Médiocrité fédérale

Le grand cirque ordinaire des illusions « Canadian »



À quoi sert le Bureau de la condition des personnes handicapées? Bienheureux celui qui arrive à déchiffrer la version française du site Internet de cette institution fédérale pour le savoir. On nous y sert un charabia de fonctionnaires noyé dans un français lamentable devenu une des langues officielles du gouvernement Harper.
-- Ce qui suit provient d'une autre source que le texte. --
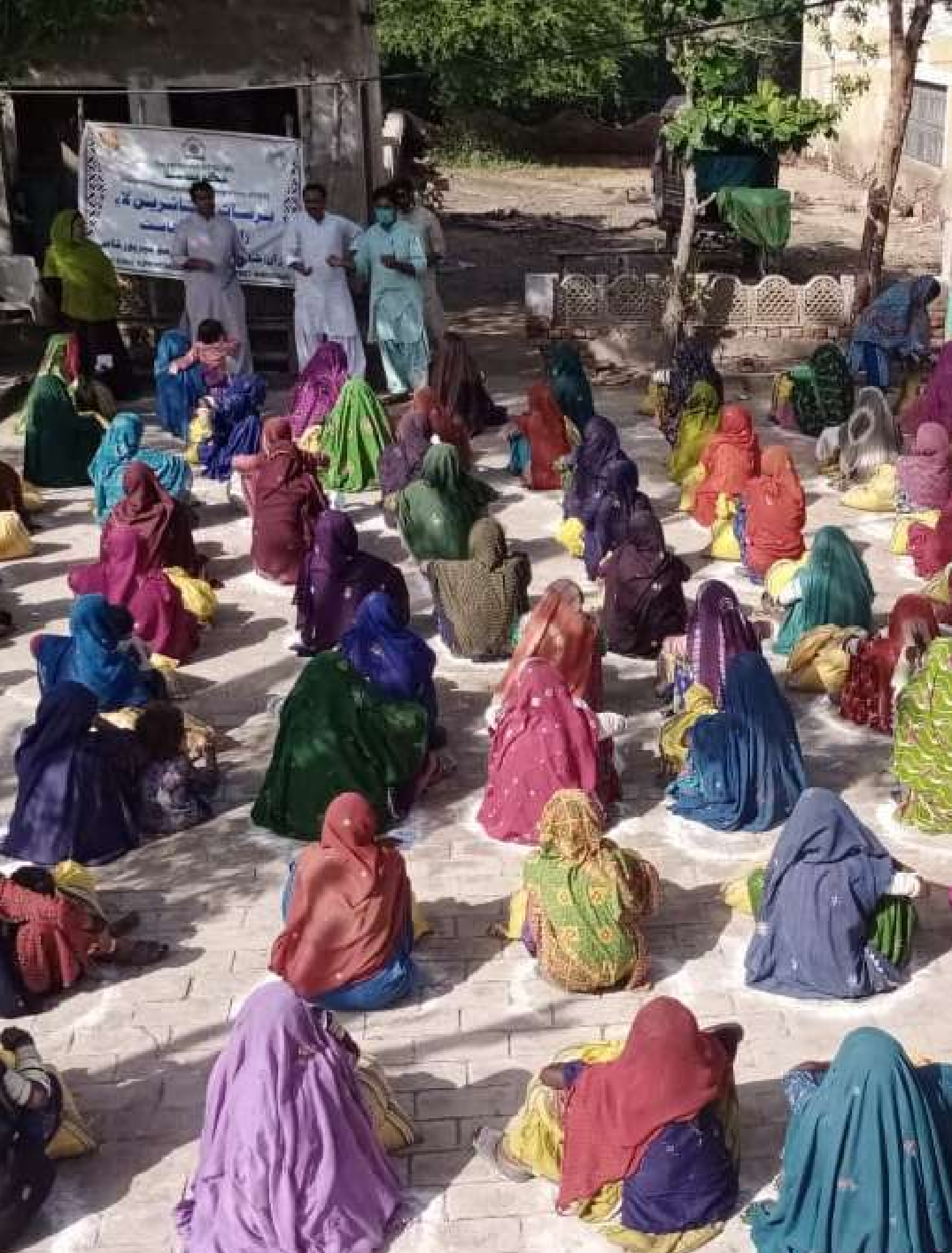
Ration Bags Distribution at Mirpurkhas with dignified and managed way.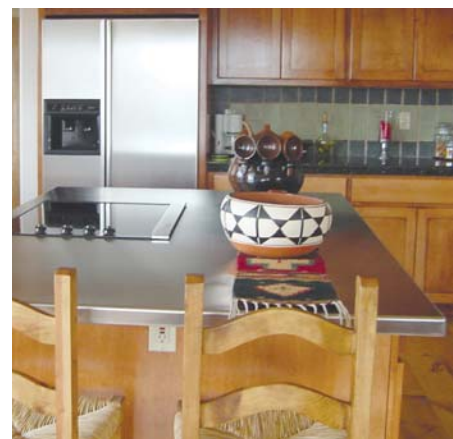
Stainless steel and wood make a great combination.

Copper is also entering the scene as a trendy choice for countertops in residential kitchens today. When the copper countertop is first polished and set in place, it will be a lustrous orange-gold color. Over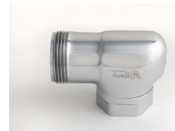
Patented TruStop Control Stop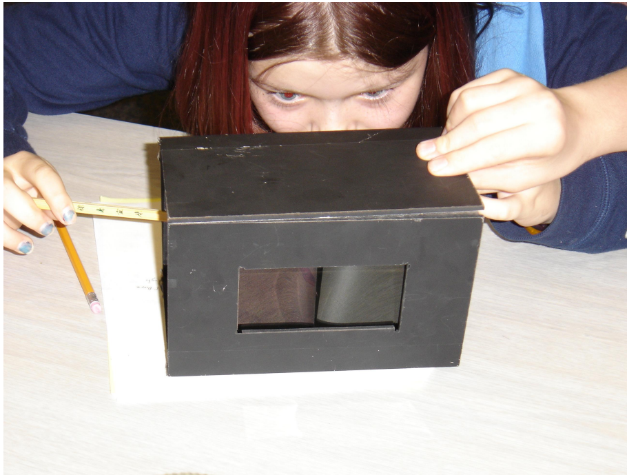
Photo 5. Exploring Polarization Exploration – student using “The Magic Box”.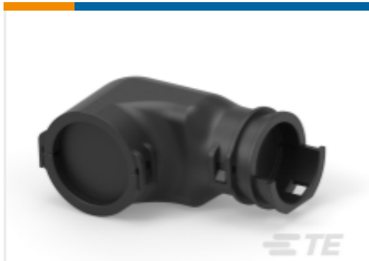
TE Part #2357921-1 BACKSHELL,CONN KIT

Mais ne craignez rien. Ce Bureau qui est responsable de la recherche «ayant trait des personnes handicapées» et qui contribue à la sensibilisation du «publique» canadien nous dit qu'il «recherche l'excellence», rien de moins (lisez à ce sujet l'article de ma collègue Louise Leduc). En plus, sa «division de la planification stratégique» lui fournit le soutien administratif, «ce qui incluse les budget», oui, oui, et même «les fonctions de coordination des notes et de la correspondance». Mais on ne dit pas, par contre, si ça «incluse» l'embauche d'un réviseur capable d'aligner deux mots dans la langue de VLB.
Qu'un obscur resto chinois peine à servir sa soupe won-ton en français, c'est une chose. Que le gouvernement fédéral qui se targue d'être bilingue nous serve encore et toujours ce genre de charabia, c'en est une autre. Il y a là un flagrant manque de respect envers les citoyens francophones pour qui les services dans leur langue ne devraient pas être un privilège mais bien un droit.
Remarquez, en matière de site fédéral bourré de fautes, on a déjà lu pire. Il y a deux ans, Gordon O'Connor, alors ministre de la Défense, avait confié la traduction de son site Internet à un logiciel. On y apprenait ainsi que M. O'Connor avait obtenu «56% des voix moulées dans des moulins du Carleton-Mississipi» (traduction surréaliste de «56% of the votes cast in Carleton-Mississippi Mills). Et le ministre y déclarait attendre «avec intérêt de continuer à servir des moulins du Carleton-Mississippi».
Tout cela serait sans conséquence si ce n'était que l'exception qui confirme la règle. Ce n'est malheureusement pas le cas. L'impression qu'on nous prend trop souvent pour des moulins n'est pas qu'une impression. Le rapport accablant rendu public hier par le commissaire aux langues officielles Graham Fraser en fait foi.
En principe, la Loi sur les langues officielles garantit au citoyen canadien «le droit de communiquer avec les institutions fédérales et d'en recevoir les services» dans la langue officielle de son choix. En réalité, on est loin du compte. Année après année, les institutions qui font l'objet du plus grand nombre de plaintes sont toujours les mêmes. Année après année, celles qui ont jadis obtenu des notes médiocres continuent d'obtenir les mêmes notes médiocres, sans que personne ne sourcille. La majorité de ces plaintes (68%) concernent la langue de service (ce qui inclut la qualité du français des sites Internet). Et c'est Air Canada qui est en tête du palmarès des cancres.
Pour ce qui est de la langue de travail dans la fonction publique fédérale, le portrait n'est guère plus reluisant. Il s'agit d'un «maillon faible», note Graham Fraser. Encore là, on observe un «fossé énorme» entre les droits des employés et la réalité. Chez les fonctionnaires francophones, l'assimilation en milieu de travail est «courante». On l'explique notamment par le fait que les francophones connaissent mieux leur langue seconde que les anglophones ainsi que par une «culture organisationnelle où l'anglais domine».
Bref, le bilinguisme officiel reste encore et toujours une grande illusion. Peu de progrès ont été réalisés ces dernières années. «L'absence de vision d'ensemble» du gouvernement Harper explique ce «bilan terne», observer Graham Fraser.
À qui la faute? On ne pourra pas plaider le manque de temps. Lorsque le premier ministre Lester B. Pearson a jeté les bases de la politique linguistique canadienne en 1966, il espérait que la fonction publique fédérale reflète la dualité linguistique du pays et permette à tous les citoyens d'être servis dans la langue officielle de leur choix dans un délai «raisonnable», rappelle le rapport. Plus de 40 ans plus tard, le délai raisonnable est largement expiré.
Manque de temps? Non. Quarante ans plus tard, alors que rien ne bouge, on peut parler sans se tromper d'absence de volonté.